Micron strengthens its balance sheet
Micron Technology (MU) is a cyclical stock that falls into losses and negative free cash flow during a cyclical downturn, when memory prices fall, closing the gap between cost and selling price. A cyclical stock such as Micron should maintain low debt and high liquidity to withstand industry downturns.
Micron is currently facing an industry downturn after two years of an upturn. During the industry upturn, the company enjoyed windfall gains, which it used to reduce its debt and improve its cash reserve. The company also increased its spending on advanced nodes to reduce its production cost. A stronger balance sheet and cost-competitive products have placed Micron in a much better position to handle the industry downturn.
Cash and debt position
At the end of May, Micron had cash reserves of $7.9 billion and total debt of $4.9 billion, resulting in a net cash position of $3.0 billion. Its total debt fell sequentially as $1.4 billion worth of its Series G convertible notes were redeemed in the third quarter of fiscal 2019.
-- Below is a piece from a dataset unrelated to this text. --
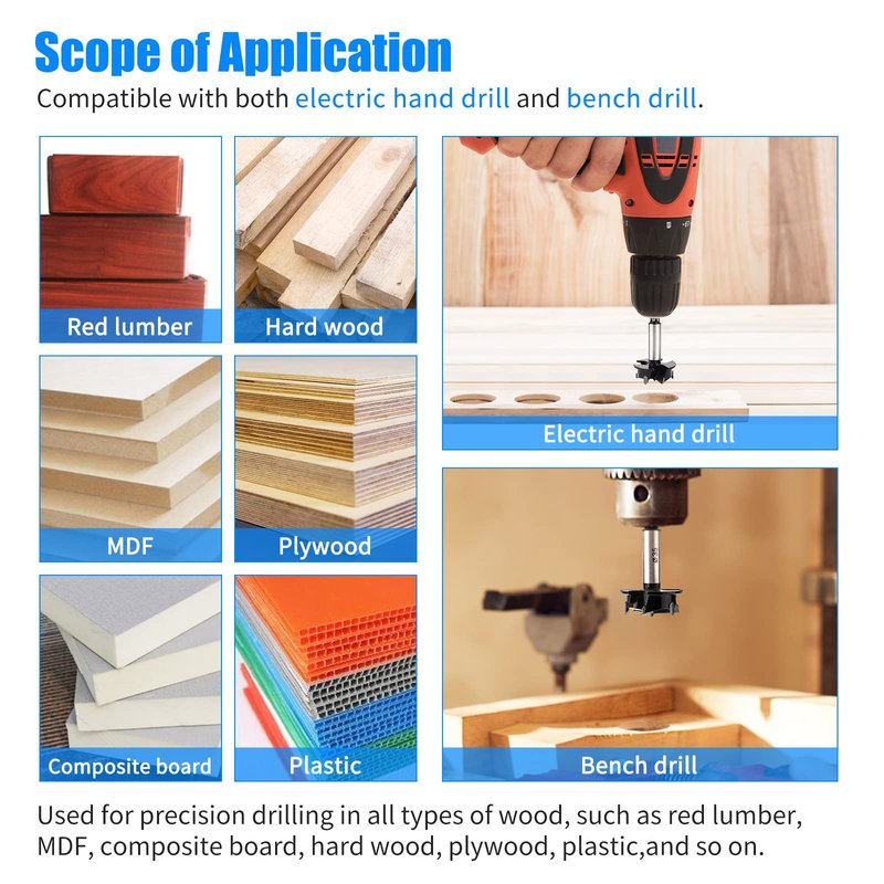- [Widely Applications] The sharp drill bit can be used for drilling holes on on wood and plastic products, furniture, door hinge, desk. Used on cutting wood, plywood, solid wood boards, MDF, plastics, etc. Great for boring concealed hinges and door locks.

Micron recently announced that it was buying Intel’s (INTC) stake in the Intel Micron Flash Technologies joint venture and that the transaction would be completed by October 31. Micron will pay Intel $1.4 billion for its stake in the joint venture, and this will be reflected in Micron’s fiscal 2020 first-quarter earnings results.
Micron aims to maintain liquidity throughout the down cycle. At the end of May, its total liquidity exceeded $10 billion.